6. Tingkat loyalitas yang paling dasar adalah konsumen tidak loyal atau sama sekali tidak tertarik pada merek-merek apapun yang ditawarkan. Dengan demikian, mereka memiliki peranan yang kecil dalam keputusan pembelian. Pada umumnya jenis konsumen seperti ini suka berpindah merek atau disebut tipe konsumen switcher atau price buyer (konsumen yang lebih memperhatikan harga didalam melakukan pembelian)

 

7. Tingkat kedua adalah konsumen yang merasa puas akan produk yang digunakan atau minimal konsumen tidak mengalami kekecewaan. Konsumen tipe ini disebut sebagai pembeli tipe kebiasaan.

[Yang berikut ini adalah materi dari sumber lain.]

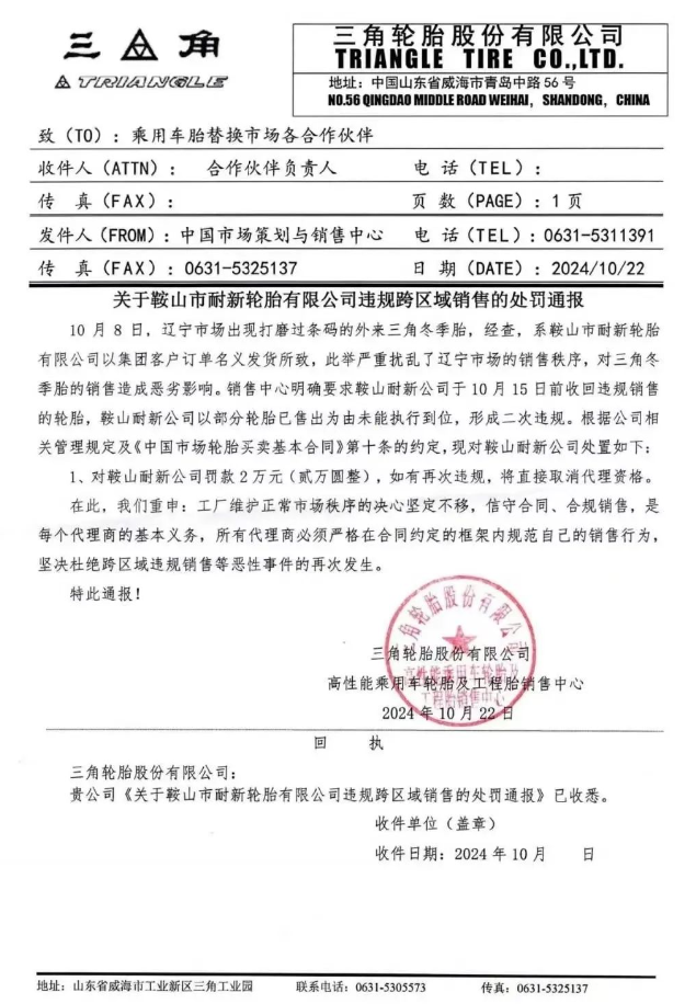 三角輪胎嚴(yán)懲違規(guī)銷售,鞍山耐新被罰2萬

8. Tingkat yang ketiga adalah konsumen yang puas, namun memerlukan biaya peralihan, baik dalam waktu, uang atau resiko yang berhubungan dengan upaya untuk melakukan pergantian ke merek lain. Konsumen tipe ini disebut satisfed buyer.

9. Tingkat keempat adalah konsumen yang benar-benar menyukai merek tersebut. Pilihan mereka terhadap suatu merek dilandasi pada asosiasi, seperti simbol, rangkaian pengalaman dalam menggunakannya atau kesan kualitas yang tinggi. Para konsumen pada tingkat ini disebut sahabat merek, karena terdapat perasaan emosional dalam menyukai merek.

10. Tingkat teratas adalah para konsumen yang setia (commited buyers). Konsumen mempunyai kebanggaan dalam menemukan atau menggunakan suatu merek. Merek tersebut sangat penting bagi mereka baik dari segi fungsi, maupun sebagai ekspresi diri mengenai siapa mereka sebenarnya.